=== Exercise data ===
***
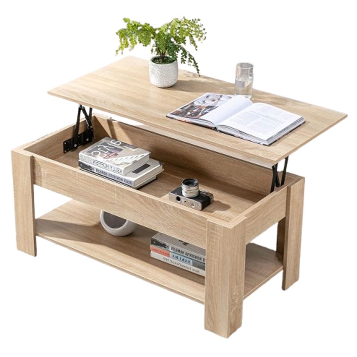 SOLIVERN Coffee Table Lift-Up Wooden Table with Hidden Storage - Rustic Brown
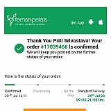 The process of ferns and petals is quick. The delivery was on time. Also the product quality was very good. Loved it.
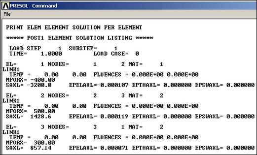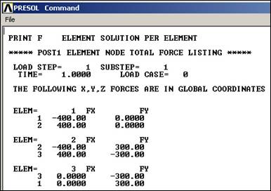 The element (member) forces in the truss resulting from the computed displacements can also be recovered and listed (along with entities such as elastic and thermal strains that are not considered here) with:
***
The full listing must come back exactly as written, with its pictures left out.

 SOLIVERN Coffee Table Lift-Up Wooden Table with Hidden Storage - Rustic Brown
 The process of ferns and petals is quick. The delivery was on time. Also the product quality was very good. Loved it.
 The element (member) forces in the truss resulting from the computed displacements can also be recovered and listed (along with entities such as elastic and thermal strains that are not considered here) with:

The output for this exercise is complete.